Postpartum metritis in dairy cows is characterized by an enlarged uterus and fetid red-brown or purulent uterine discharge that is typically diagnosed within 7–10 d postpartum. The expectation is that 10–20 % of dairy cows will develop metritis after calving [[1], [2], [3]]. Most cows recover from metritis within the first month postpartum. Cows with metritis are at an increased risk of developing chronic uterine inflammation (endometritis), which can have long-term negative effects on fertility [4,5]. In addition to uterine disease, postpartum cows may experience negative energy balance and associated metabolic disease postpartum that can affect fertility [6,7]. One current hypothesis for infertility in postpartum cows is that the combined effects of uterine and metabolic disease have a negative effect on oocyte quality leading to defects in fertilization or early embryonic development [2,[6], [7], [8]].

Most studies testing the effects of inflammatory molecules or metabolites use oocytes removed from healthy cows and treated in vitro. Fewer studies have performed similar work on the whole animal. Dickson et al. [9] experimentally induced endometritis in nonlactating dairy cows and reported a reduction in embryo development to the morula stage following in vitro fertilization of aspirated oocytes. Ribeiro et al. [10] flushed embryos from postpartum cows and reported a reduction in cleaved, live, and high-quality embryos in cows that previously experienced uterine disease.

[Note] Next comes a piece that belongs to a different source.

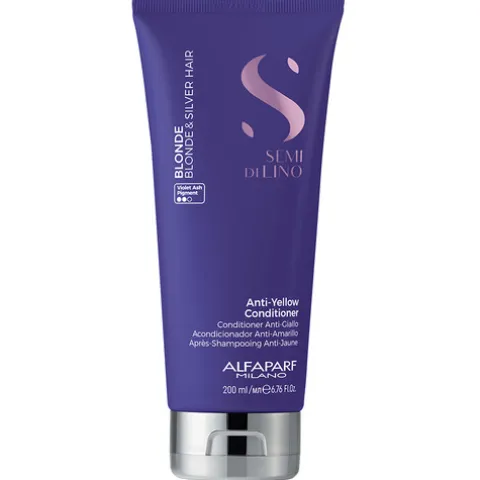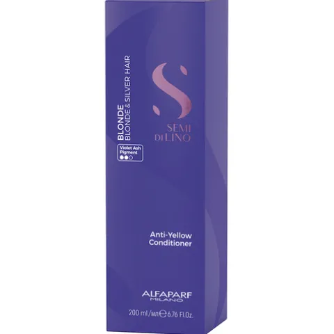 Descubra a excelência dos cuidados capilares da Alfaparf Milano Semi di Lino Blonde com este incrível condicionador antimarelamento que desembaraça e neutraliza os indesejáveis reflexos amarelos, proporcionando vigor e hidratação aos cabelos, sem os deixar pesados.

In this work, the results of the previous studies [9,10] were extended by specifically working with primiparous postpartum cows with or without metritis, and COC were collected for in vitro embryo production (IVP) during three timepoints: 30, 80, 165 d after parturition. Collectively, this research examines the short-term (oocytes collected at approximately 1 month postpartum) and long-term (oocytes collected at approximately 80–165 d postpartum) effects of early postpartum uterine disease on oocyte developmental capacity. The current study is different from all other previously published work because we worked with early postpartum lactating cows and removed oocytes from cows to separate the biological effect of the oviductal and uterine environment from the capacity of the oocyte to develop. We hypothesized that uterine disease would negatively affect oocyte developmental competence. We also measured the relative importance of systemic factors by measuring an acute phase protein (haptoglobin) and energy metabolites [non-esterified fatty acids (NEFA), beta-hydroxybutyrate (BHB), and glucose] and associating their plasma concentrations postpartum with subsequent developmental competence of the oocyte. Finally, we tested the association between oocyte development and bacterial genera present in the reproductive tract.